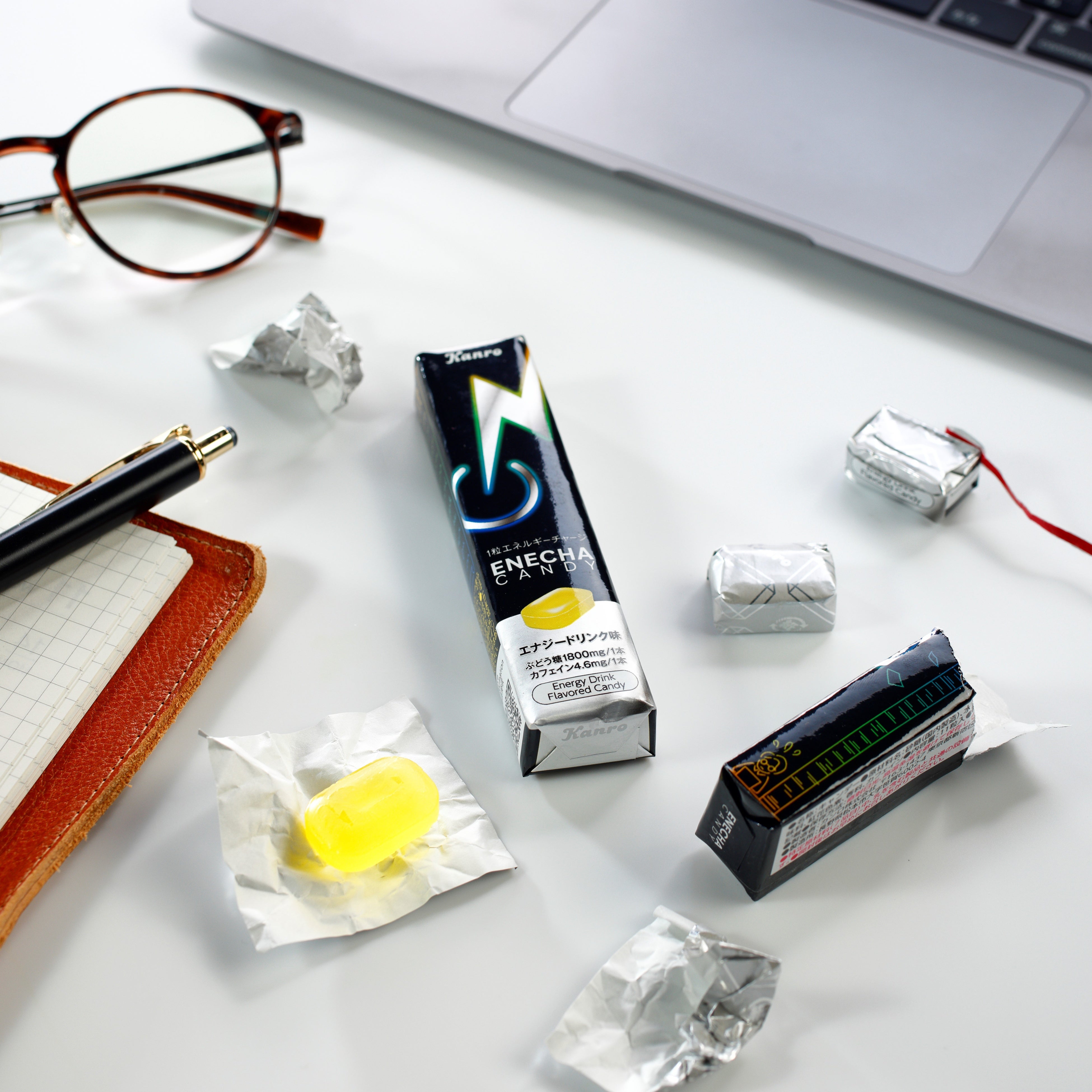 勉強中や仕事中など場所を選ばず、エナジードリンクのように「ENECHA CANDY」を口にすることでエネルギーチャージできるキャンディです。自分のペースで試験の直前や移動中にも食べていただくことができます。
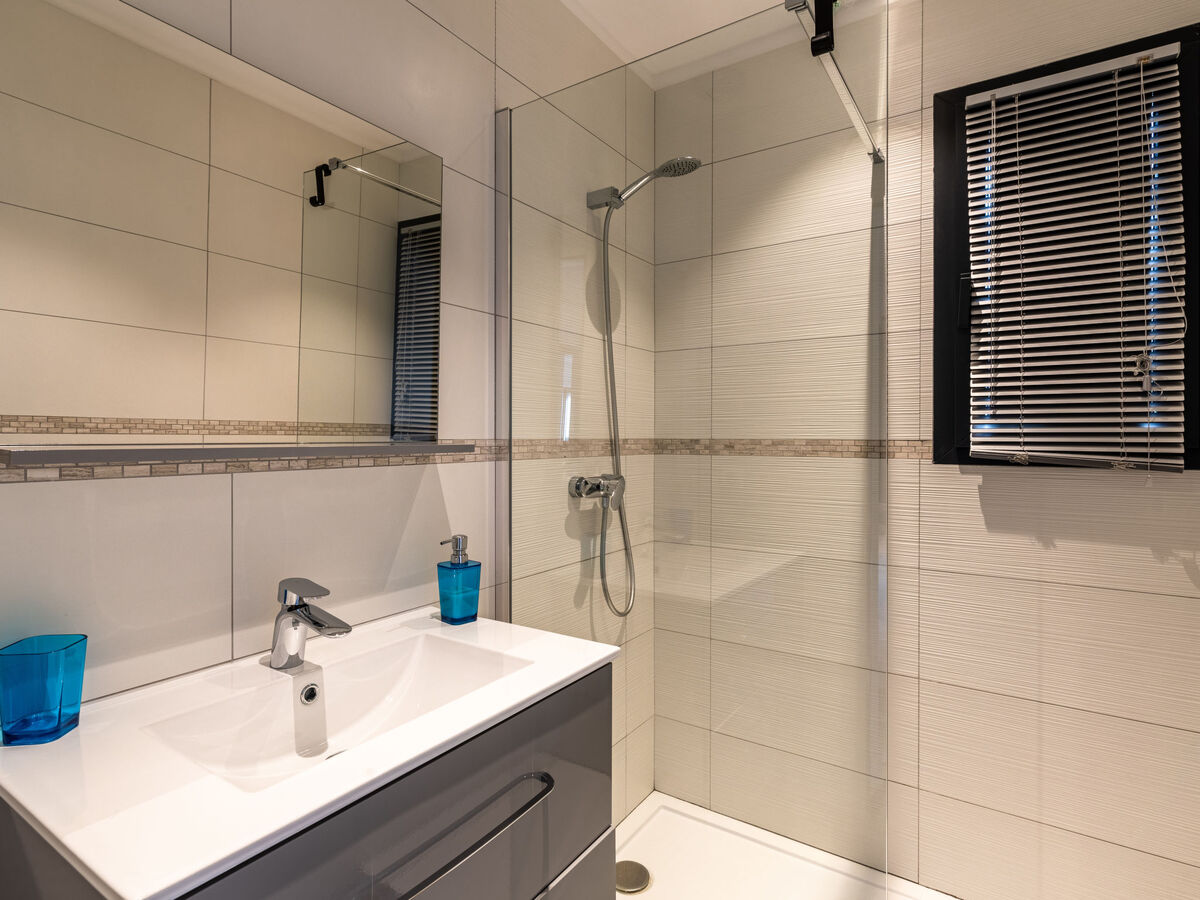 1 chambre avec 1 grand-lit (140 cm, longueur 190 cm), douche/WC et TV (écran plat).
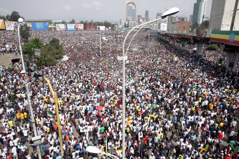 สำนักข่าวต่างประเทศรายงานจากกรุงแอดดิสอาบาบา ประเทศเอธิโอเปียว่า มีประชาชนหลายหมื่นคนออกมาเดินขบวนเพื่อแสดงพลังประชาชนสนับสนุนนายอาบิฟ อาเหม็ด นายกรัฐมนตรีแห่งเอธิโอเปีย ในกรุงแอดดิสอาบาบา เมื่อวันเสาร์ที่ 23 มิ.ย. และยังมีการกล่าวปราศรัยต่อที่ชุมนุมเป็นครั้งแรกในเมืองหลวงของเอธิโอเปียของนายกรัฐมนตรีอาบิฟนับตั้งแต่เข้ารับตำแหน่งเมื่อเดือนเมษายนที่ผ่านมา หลังจากนายกรัฐมนตรีอาบิฟกล่าวปราศรัยเสร็จสิ้นก็ได้เกิดเสียงระเบิดดังขึ้นมากลางฝูงชน และนายกรัฐมนตรีอาบิฟก็ถูกนำออกไปจากเวทีในทันที หัวหน้าสำนักงานนายกรัฐมนตรีแห่งเอธิโอเปียระบุว่า มีผู้ได้รับบาดเจ็บ 83 คน ในจำนวนนี้อาการสาหัส 6 คน แต่ไม่มีผู้เสียชีวิต แม้รายงานก่อนหน้านี้ระบุว่ามีผู้เสียชีวิตหลายคน ส่วนตำรวจอาวุโสของเอธิโอเปียระบุว่า มีผู้ได้รับบาดเจ็บราว 100 คน ต่อมากระทรวงสาธารณสุข เอธิโอเปีย แถลงว่าในเหตุการณ์นี้มีผู้เสียชีวิต 1 รายและผู้บาดเจ็บรวม 154 คน ในจำนวนนี้บาดเจ็บสาหัส 10 คน
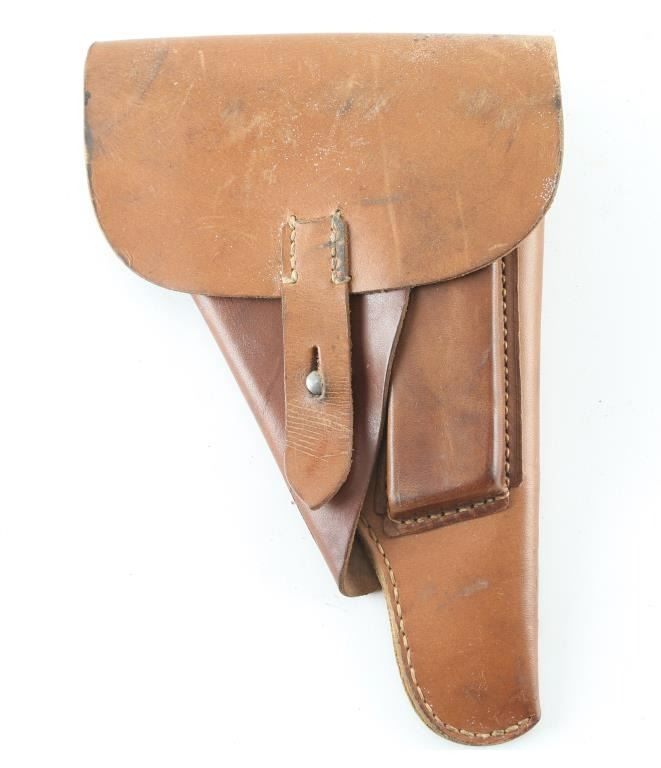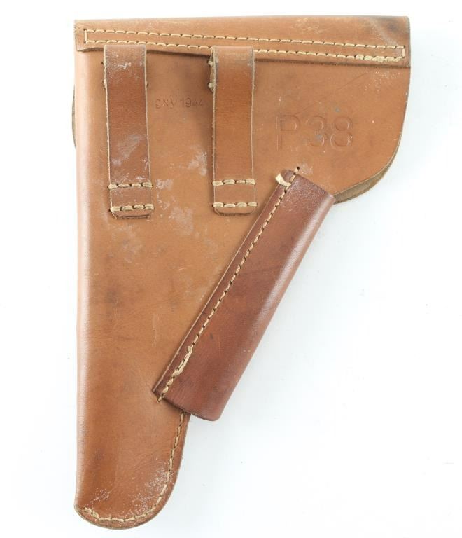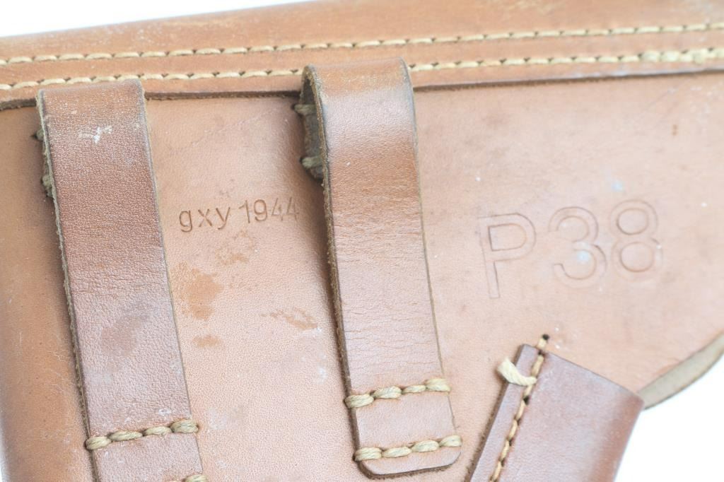 Third Reich era German Military/Police holster for the P-38 Pistol. Soft shell. Russet brown leather construction. Large "P.38" stamped on back, along makers code gxy, dated 1944, no waffenamt. Intact, very good condition.
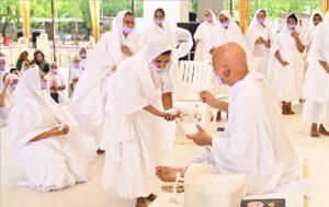 अपने आराध्य के प्रति अगाध गुरुभक्ति का यह क्रम आज प्रभात में ब्रह्म मुहूर्त से ही मंगल अभिनन्दन के साथ प्रारंभ हो गया था। तत्पश्चात, सूर्योदय की प्रथम रश्मियों के साथ साध्वी प्रमुखा विश्रुतविभा जी सहित साध्वी समुदाय विशाल सुधर्मा सभा में गुरु सन्निधि में उपस्थित हुईं। इस अत्यंत भक्तिमय और नयनाभिराम दृश्य के बीच उपस्थित चारित्रआत्माओं द्वारा आचार्य प्रवर एवं साध्वी प्रमुखा जी के श्रीचरणों में भावपूर्ण अभ्यर्थना की गई।

_Goal of the exercise_
Any pictures above are to be left out. Retype the rest of the records exactly.

_Expected answer_
 勉強中や仕事中など場所を選ばず、エナジードリンクのように「ENECHA CANDY」を口にすることでエネルギーチャージできるキャンディです。自分のペースで試験の直前や移動中にも食べていただくことができます。
 1 chambre avec 1 grand-lit (140 cm, longueur 190 cm), douche/WC et TV (écran plat).
 สำนักข่าวต่างประเทศรายงานจากกรุงแอดดิสอาบาบา ประเทศเอธิโอเปียว่า มีประชาชนหลายหมื่นคนออกมาเดินขบวนเพื่อแสดงพลังประชาชนสนับสนุนนายอาบิฟ อาเหม็ด นายกรัฐมนตรีแห่งเอธิโอเปีย ในกรุงแอดดิสอาบาบา เมื่อวันเสาร์ที่ 23 มิ.ย. และยังมีการกล่าวปราศรัยต่อที่ชุมนุมเป็นครั้งแรกในเมืองหลวงของเอธิโอเปียของนายกรัฐมนตรีอาบิฟนับตั้งแต่เข้ารับตำแหน่งเมื่อเดือนเมษายนที่ผ่านมา หลังจากนายกรัฐมนตรีอาบิฟกล่าวปราศรัยเสร็จสิ้นก็ได้เกิดเสียงระเบิดดังขึ้นมากลางฝูงชน และนายกรัฐมนตรีอาบิฟก็ถูกนำออกไปจากเวทีในทันที หัวหน้าสำนักงานนายกรัฐมนตรีแห่งเอธิโอเปียระบุว่า มีผู้ได้รับบาดเจ็บ 83 คน ในจำนวนนี้อาการสาหัส 6 คน แต่ไม่มีผู้เสียชีวิต แม้รายงานก่อนหน้านี้ระบุว่ามีผู้เสียชีวิตหลายคน ส่วนตำรวจอาวุโสของเอธิโอเปียระบุว่า มีผู้ได้รับบาดเจ็บราว 100 คน ต่อมากระทรวงสาธารณสุข เอธิโอเปีย แถลงว่าในเหตุการณ์นี้มีผู้เสียชีวิต 1 รายและผู้บาดเจ็บรวม 154 คน ในจำนวนนี้บาดเจ็บสาหัส 10 คน
 Third Reich era German Military/Police holster for the P-38 Pistol. Soft shell. Russet brown leather construction. Large "P.38" stamped on back, along makers code gxy, dated 1944, no waffenamt. Intact, very good condition.
 अपने आराध्य के प्रति अगाध गुरुभक्ति का यह क्रम आज प्रभात में ब्रह्म मुहूर्त से ही मंगल अभिनन्दन के साथ प्रारंभ हो गया था। तत्पश्चात, सूर्योदय की प्रथम रश्मियों के साथ साध्वी प्रमुखा विश्रुतविभा जी सहित साध्वी समुदाय विशाल सुधर्मा सभा में गुरु सन्निधि में उपस्थित हुईं। इस अत्यंत भक्तिमय और नयनाभिराम दृश्य के बीच उपस्थित चारित्रआत्माओं द्वारा आचार्य प्रवर एवं साध्वी प्रमुखा जी के श्रीचरणों में भावपूर्ण अभ्यर्थना की गई।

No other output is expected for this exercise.